Give the data below again exactly, and drop each picture from it.

===== Data extracts

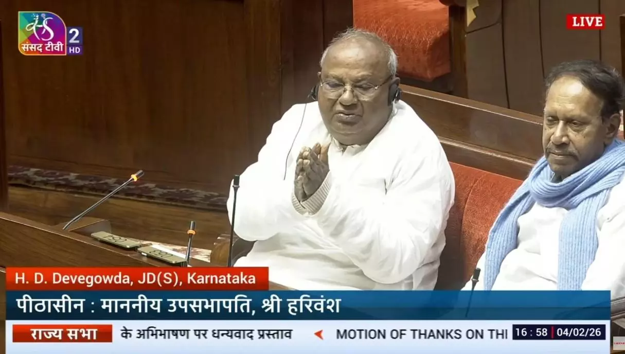 ರಾಜ್ಯಸಭೆಯಲ್ಲಿ ಮಾಜಿ ಪ್ರಧಾನಿ ಎಚ್.ಡಿ. ದೇವೇಗೌಡ ಮಾತನಾಡಿದರು.
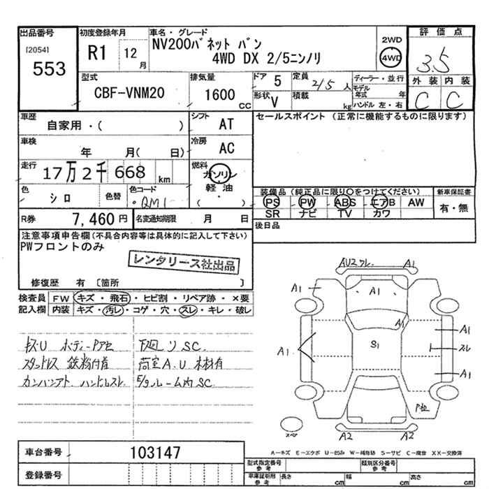 Все аукционы NISSAN NV200 VANETTE VAN
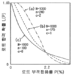 그림의 세 가지 OC 곡선은 모두 2.2%의 부적합품률을 가지는 로트를 합격시킬 확률로 0.10을 갖는 샘플링 계획을 나타낸 것이다. 생산자 위험률이 가장 낮은 것은? (단, N은 로트 크기, n은 샘플 크기, c는 합격판정 개수이다.)
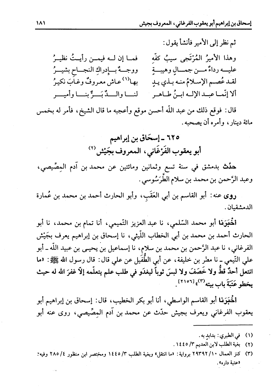 625 - إسحاق بن إبراهيم أبو يعقوب الفرغاني المعروف بجيش (2) حدث بدمشق في سنة تسع وثمانين ومائتين عن محمد بن آدم المصيصي وعبد الرحمن بن محمد بن سلام الطرسوسي روى عنه أبو القاسم بن أبي العقب وأبو الحارث أحمد بن محمد بن عمارة الدمشقيان أخبرنا أبو محمد السلمي نا عبد العزيز التميمي أنا تمام بن محمد نا أبو الحارث أحمد بن محمد بن أبي الخطاب الليثي نا إسحاق بن إبراهيم يعرف بجيش الفرغاني نا عبد الرحمن بن محمد بن سلام نا إسماعيل بن يحيى بن عبيد الله أبو علي التيمي نا مطر بن خليفة عن أبي الطفيل عن علي قال قال رسول الله (صلى الله عليه وسلم) ما انتعل أحد قط ولا خصف ولا لبس ثوبا ليغدو في طلب علم يتعلمه إلا غفر الله له حيث يخطو عتبة باب بيته
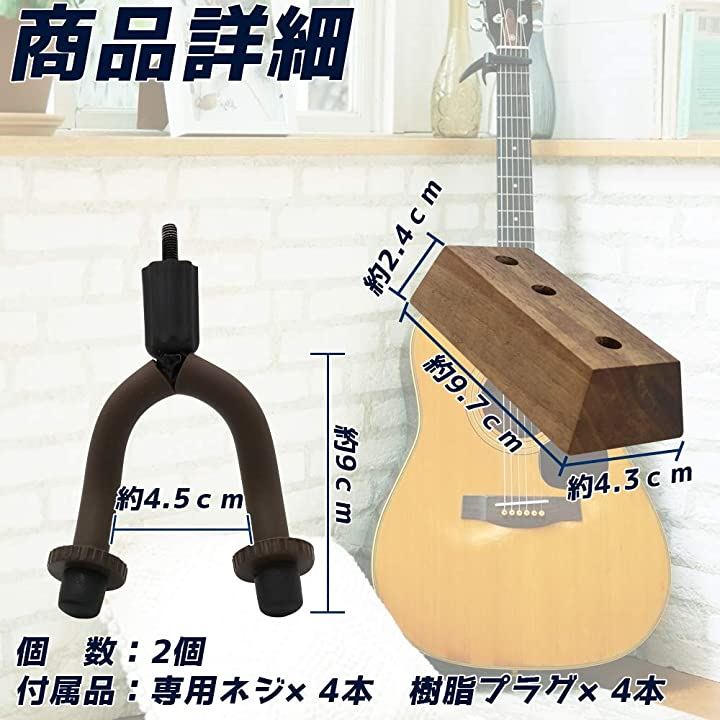 スタイリッシュ ウォールハンガー 2個セット ギター 収納 ホールド 壁掛け ギターフック ディスプレイ コレクション
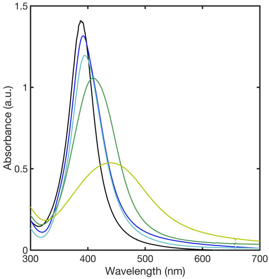 The colorless to pale-yellow change after the addition of a reducing agent to the solution containing Ag+ confirmed the formation of bare silver nanoparticles. The successful formation of AgNPs was further verified by XRD (Figure S5). The addition of a functionalizing agent caused the increase in the color intensity of the AgNP suspension. The SPAB of bare AgNPs showed a strong absorption at 392 nm, characteristic of spherical AgNPs, whereas AgNPs functionalized with different concentrations of 11MUA (Table 1) resulted in a red shift (393–440 nm) of the SPAB due to the interaction between thiol group on the surface of the NPs (Figure 2) [44,45,46].
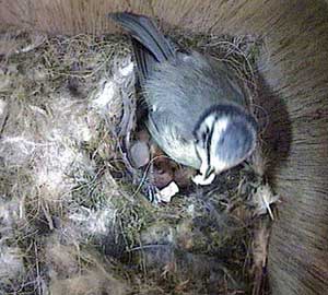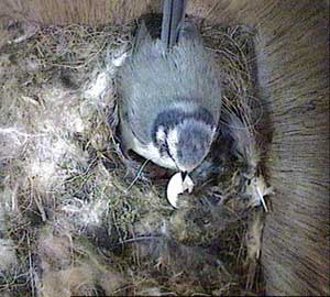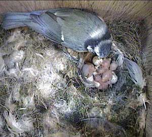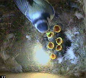 Jess's chicks have survived another night. Here James is feeding one with a little green caterpillar.

==========

(Finished exercise)
 ರಾಜ್ಯಸಭೆಯಲ್ಲಿ ಮಾಜಿ ಪ್ರಧಾನಿ ಎಚ್.ಡಿ. ದೇವೇಗೌಡ ಮಾತನಾಡಿದರು.
 Все аукционы NISSAN NV200 VANETTE VAN
 그림의 세 가지 OC 곡선은 모두 2.2%의 부적합품률을 가지는 로트를 합격시킬 확률로 0.10을 갖는 샘플링 계획을 나타낸 것이다. 생산자 위험률이 가장 낮은 것은? (단, N은 로트 크기, n은 샘플 크기, c는 합격판정 개수이다.)
 625 - إسحاق بن إبراهيم أبو يعقوب الفرغاني المعروف بجيش (2) حدث بدمشق في سنة تسع وثمانين ومائتين عن محمد بن آدم المصيصي وعبد الرحمن بن محمد بن سلام الطرسوسي روى عنه أبو القاسم بن أبي العقب وأبو الحارث أحمد بن محمد بن عمارة الدمشقيان أخبرنا أبو محمد السلمي نا عبد العزيز التميمي أنا تمام بن محمد نا أبو الحارث أحمد بن محمد بن أبي الخطاب الليثي نا إسحاق بن إبراهيم يعرف بجيش الفرغاني نا عبد الرحمن بن محمد بن سلام نا إسماعيل بن يحيى بن عبيد الله أبو علي التيمي نا مطر بن خليفة عن أبي الطفيل عن علي قال قال رسول الله (صلى الله عليه وسلم) ما انتعل أحد قط ولا خصف ولا لبس ثوبا ليغدو في طلب علم يتعلمه إلا غفر الله له حيث يخطو عتبة باب بيته
 スタイリッシュ ウォールハンガー 2個セット ギター 収納 ホールド 壁掛け ギターフック ディスプレイ コレクション
 The colorless to pale-yellow change after the addition of a reducing agent to the solution containing Ag+ confirmed the formation of bare silver nanoparticles. The successful formation of AgNPs was further verified by XRD (Figure S5). The addition of a functionalizing agent caused the increase in the color intensity of the AgNP suspension. The SPAB of bare AgNPs showed a strong absorption at 392 nm, characteristic of spherical AgNPs, whereas AgNPs functionalized with different concentrations of 11MUA (Table 1) resulted in a red shift (393–440 nm) of the SPAB due to the interaction between thiol group on the surface of the NPs (Figure 2) [44,45,46].
 Jess's chicks have survived another night. Here James is feeding one with a little green caterpillar.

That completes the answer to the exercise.